Segment Start: Records to use

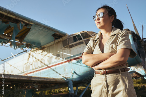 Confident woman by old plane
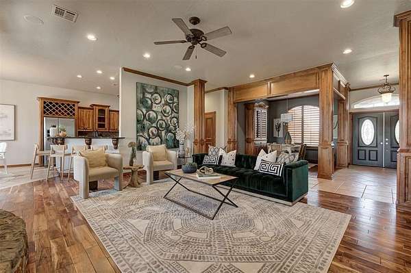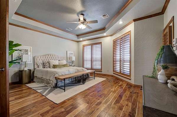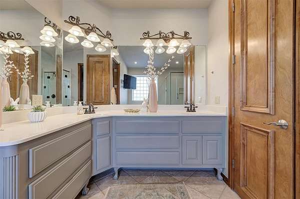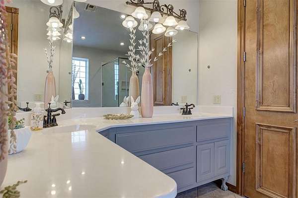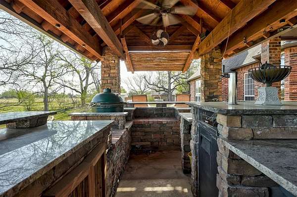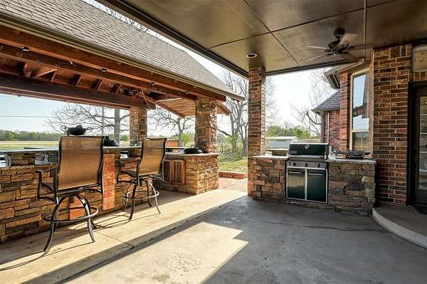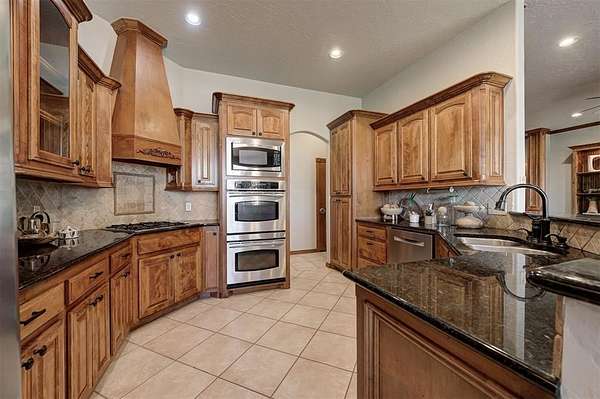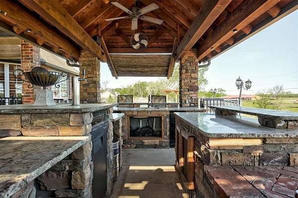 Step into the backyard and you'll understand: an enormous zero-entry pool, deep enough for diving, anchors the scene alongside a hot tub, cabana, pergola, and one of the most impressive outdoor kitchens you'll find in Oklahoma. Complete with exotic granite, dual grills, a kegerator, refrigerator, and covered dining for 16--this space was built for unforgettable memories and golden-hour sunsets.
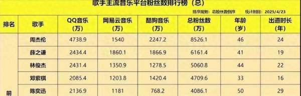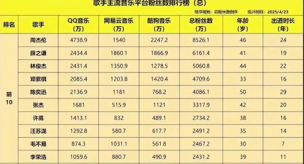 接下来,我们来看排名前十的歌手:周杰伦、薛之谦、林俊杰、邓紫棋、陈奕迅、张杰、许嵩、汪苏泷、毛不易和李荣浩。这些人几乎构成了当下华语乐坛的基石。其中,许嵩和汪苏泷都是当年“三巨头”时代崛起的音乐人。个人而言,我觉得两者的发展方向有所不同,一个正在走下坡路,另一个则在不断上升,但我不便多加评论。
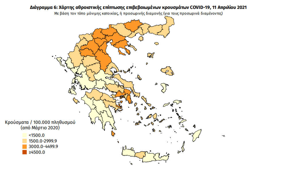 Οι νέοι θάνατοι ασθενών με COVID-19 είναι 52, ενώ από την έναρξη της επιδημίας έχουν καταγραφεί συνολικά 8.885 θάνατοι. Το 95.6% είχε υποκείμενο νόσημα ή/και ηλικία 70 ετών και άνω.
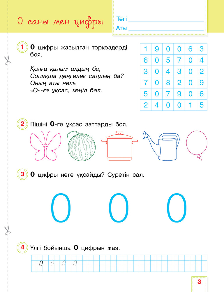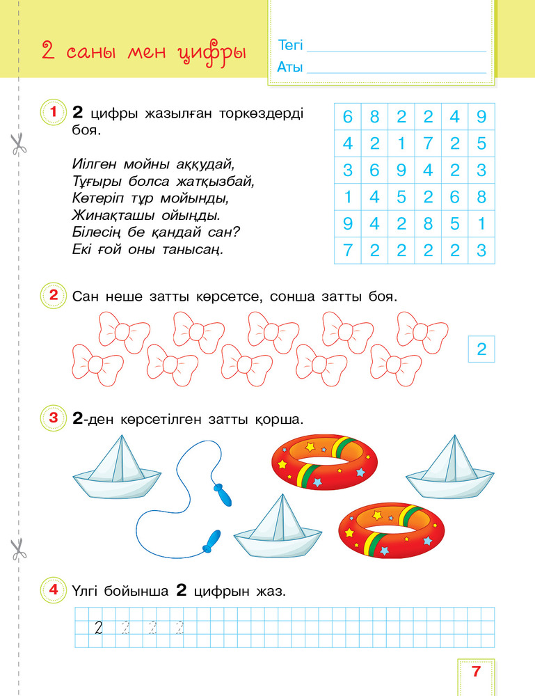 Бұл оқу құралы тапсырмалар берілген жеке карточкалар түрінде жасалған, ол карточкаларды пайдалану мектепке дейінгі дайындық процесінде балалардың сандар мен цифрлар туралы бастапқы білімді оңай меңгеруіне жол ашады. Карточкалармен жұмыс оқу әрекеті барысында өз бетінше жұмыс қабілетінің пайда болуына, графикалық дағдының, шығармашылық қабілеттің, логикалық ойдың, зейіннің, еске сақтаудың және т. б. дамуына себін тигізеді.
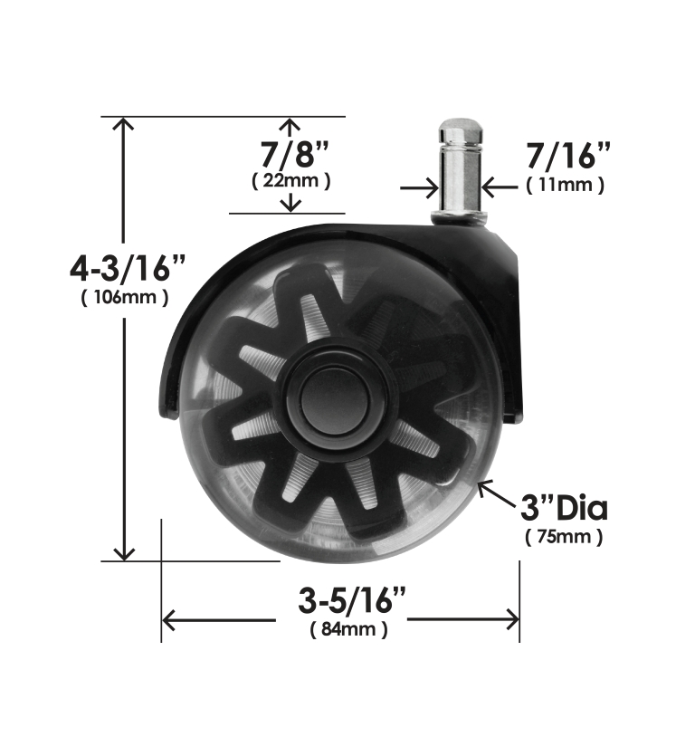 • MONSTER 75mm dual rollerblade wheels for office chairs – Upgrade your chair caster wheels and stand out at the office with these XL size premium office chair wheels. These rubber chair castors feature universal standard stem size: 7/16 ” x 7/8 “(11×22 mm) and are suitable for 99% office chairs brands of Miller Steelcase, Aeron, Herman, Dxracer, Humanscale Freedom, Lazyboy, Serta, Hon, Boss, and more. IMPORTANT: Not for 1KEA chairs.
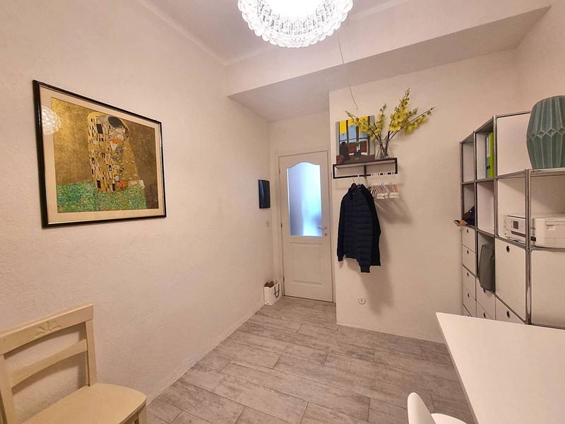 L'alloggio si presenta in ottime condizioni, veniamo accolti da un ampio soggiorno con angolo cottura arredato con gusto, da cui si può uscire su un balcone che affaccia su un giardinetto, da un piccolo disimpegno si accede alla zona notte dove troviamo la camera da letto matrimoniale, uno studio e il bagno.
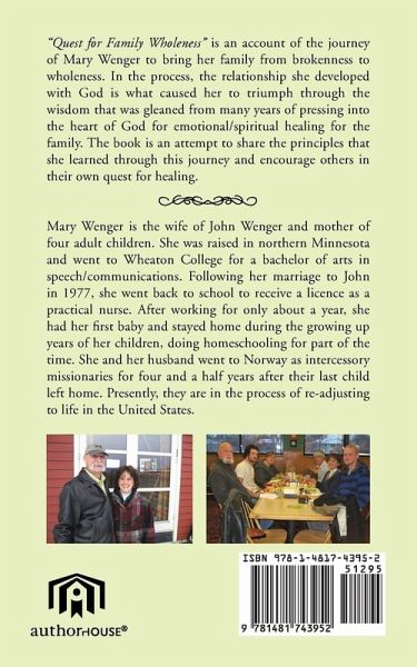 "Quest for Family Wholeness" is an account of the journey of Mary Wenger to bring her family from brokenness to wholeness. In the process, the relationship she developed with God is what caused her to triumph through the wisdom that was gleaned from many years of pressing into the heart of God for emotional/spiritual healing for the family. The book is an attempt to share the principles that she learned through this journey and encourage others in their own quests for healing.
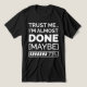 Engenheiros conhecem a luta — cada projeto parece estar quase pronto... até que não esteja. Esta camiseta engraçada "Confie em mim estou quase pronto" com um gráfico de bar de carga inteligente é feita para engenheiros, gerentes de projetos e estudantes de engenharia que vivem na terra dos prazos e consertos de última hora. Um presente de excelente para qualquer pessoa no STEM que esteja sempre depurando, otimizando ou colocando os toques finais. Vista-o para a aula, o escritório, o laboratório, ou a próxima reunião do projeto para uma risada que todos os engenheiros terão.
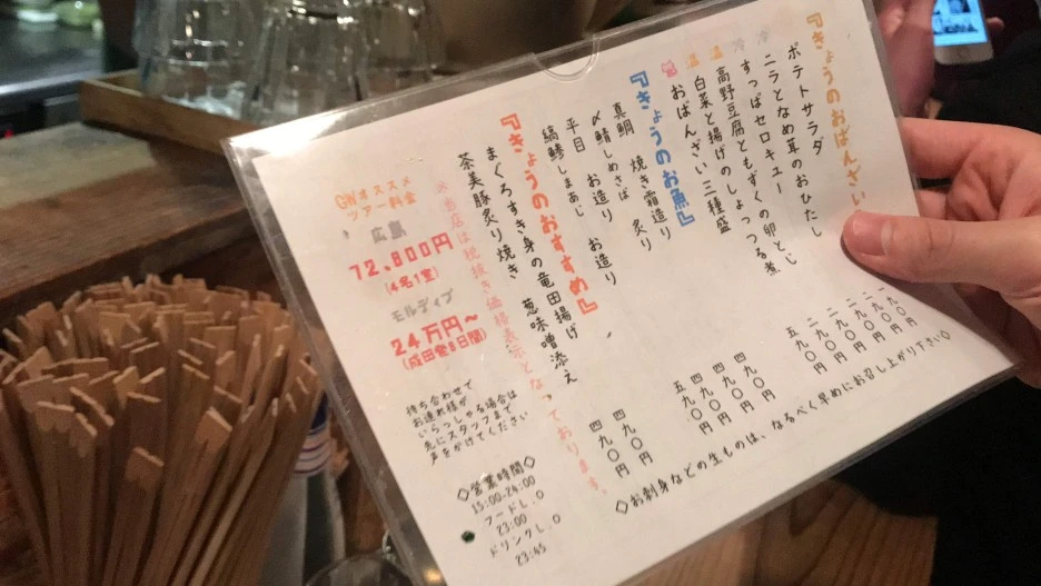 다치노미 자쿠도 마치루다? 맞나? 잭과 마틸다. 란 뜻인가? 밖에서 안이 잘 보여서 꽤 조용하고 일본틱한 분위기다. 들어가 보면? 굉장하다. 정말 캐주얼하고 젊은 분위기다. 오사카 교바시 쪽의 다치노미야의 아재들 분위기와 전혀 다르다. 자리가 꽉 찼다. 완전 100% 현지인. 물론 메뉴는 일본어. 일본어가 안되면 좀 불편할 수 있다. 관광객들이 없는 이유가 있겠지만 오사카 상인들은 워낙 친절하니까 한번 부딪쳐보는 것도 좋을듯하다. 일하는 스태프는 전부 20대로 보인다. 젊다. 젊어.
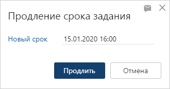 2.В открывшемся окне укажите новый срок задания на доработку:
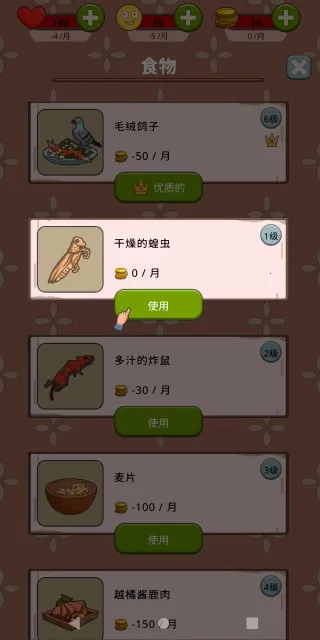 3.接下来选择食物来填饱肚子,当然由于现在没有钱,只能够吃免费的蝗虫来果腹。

Segment End: Records to use

What's needed is an exact copy of the lines above from the one with "Οι νέοι θάνατοι" through the one with "quests for healing.", both included; the pictures stay out.

Response to the exercise ->
 Οι νέοι θάνατοι ασθενών με COVID-19 είναι 52, ενώ από την έναρξη της επιδημίας έχουν καταγραφεί συνολικά 8.885 θάνατοι. Το 95.6% είχε υποκείμενο νόσημα ή/και ηλικία 70 ετών και άνω.
 Бұл оқу құралы тапсырмалар берілген жеке карточкалар түрінде жасалған, ол карточкаларды пайдалану мектепке дейінгі дайындық процесінде балалардың сандар мен цифрлар туралы бастапқы білімді оңай меңгеруіне жол ашады. Карточкалармен жұмыс оқу әрекеті барысында өз бетінше жұмыс қабілетінің пайда болуына, графикалық дағдының, шығармашылық қабілеттің, логикалық ойдың, зейіннің, еске сақтаудың және т. б. дамуына себін тигізеді.
 • MONSTER 75mm dual rollerblade wheels for office chairs – Upgrade your chair caster wheels and stand out at the office with these XL size premium office chair wheels. These rubber chair castors feature universal standard stem size: 7/16 ” x 7/8 “(11×22 mm) and are suitable for 99% office chairs brands of Miller Steelcase, Aeron, Herman, Dxracer, Humanscale Freedom, Lazyboy, Serta, Hon, Boss, and more. IMPORTANT: Not for 1KEA chairs.
 L'alloggio si presenta in ottime condizioni, veniamo accolti da un ampio soggiorno con angolo cottura arredato con gusto, da cui si può uscire su un balcone che affaccia su un giardinetto, da un piccolo disimpegno si accede alla zona notte dove troviamo la camera da letto matrimoniale, uno studio e il bagno.
 "Quest for Family Wholeness" is an account of the journey of Mary Wenger to bring her family from brokenness to wholeness. In the process, the relationship she developed with God is what caused her to triumph through the wisdom that was gleaned from many years of pressing into the heart of God for emotional/spiritual healing for the family. The book is an attempt to share the principles that she learned through this journey and encourage others in their own quests for healing.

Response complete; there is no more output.